De Jesús Álvarez notes that the student population of the University system has changed since then. Fewer remain on campus as often; instead, many leave to work multiple part-time jobs. Bringing those students into the fold, she says, is crucial. And while the process has already begun, there’s still much work to do: Educating, identifying problems, unifying the campuses.

“Beyond its educational purpose, the University of Puerto Rico has a social purpose. It has a responsibility to the country to provide an opportunity for people to develop, to access an education that will improve their quality of life…for social mobility in this country,” she says.

Roberto Caez expresses concern about the development of the students’ opposition strategy.

“At the end, what we have is a big monster, and we can only face it if more people strike.”

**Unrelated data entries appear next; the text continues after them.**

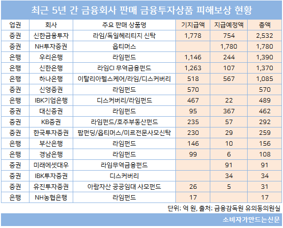 국회 정무위원회 소속 유의동 국민의힘 의원실이 금융감독원으로부터 받은 '최근 5년 간 금융투자상품 투자자 피해에 대한 보상지급내역'에 따르면 지난 2016년 1월부터 올해 8월 말까지 은행과 증권사가 판매한 금융투자상품 문제로 피해 소비자들에게 선지급했거나 지급 예정인 금액은 1조666억 원 이었다.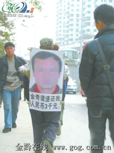 近日,贵州都市网网友“哥是小人”发帖称,2011年12月31日下午5点左右,他经过贵阳市花果园狮峰路口时,看到一位背篼兄弟背着个背篓,背篓上夹着一块木板,上面贴着一名男子的照片,并在照片下面写着:“金X请速还我人民币3千元”。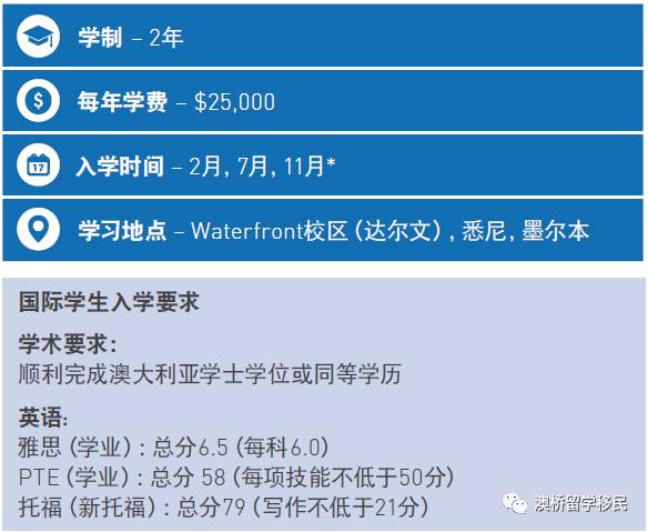 该课程对英语的要求相对其他学校要低一些,如果雅思能够达到总分5.5分,学生可以申请20周语言课,只要顺利完成语言课,就能直接入读正课,无需再提交雅思成绩。这对于中国学生来说绝对是一个好消息。

“We [had] committees the year before [the strike]. People trained in…developing the organizing skills that a strike would require from people. To handle the press, being able to actually gain support from people…and political thinking. Lobbying, correct strategies for the adversities that they’ll face—that needs training,” he says. “They have 30 people maybe, between 15 and 40, trained in some of these striking skills. They’re not in a bad position, but I’m just comparing, we had more. They are now organizing those committees against the clock because they have the strike maybe on April 5.”

Working with other resistance groups in a way that reflects “what collectively affects us,” De Jesús Álvarez says, will be key. At the February assembly, she points out, education on gender perspectives—Rosselló withdrew its inclusion in Puerto Rican schools earlier in the month—and the treatment and rights of trans students were a major part of the discussion.

Roberto Caez adds, “At the end, what we have is a big monster, and we can only face it if we have a strike in more places. [We need] a process or a climate—a political climate—that can actually face the agenda, because it’s an agenda.”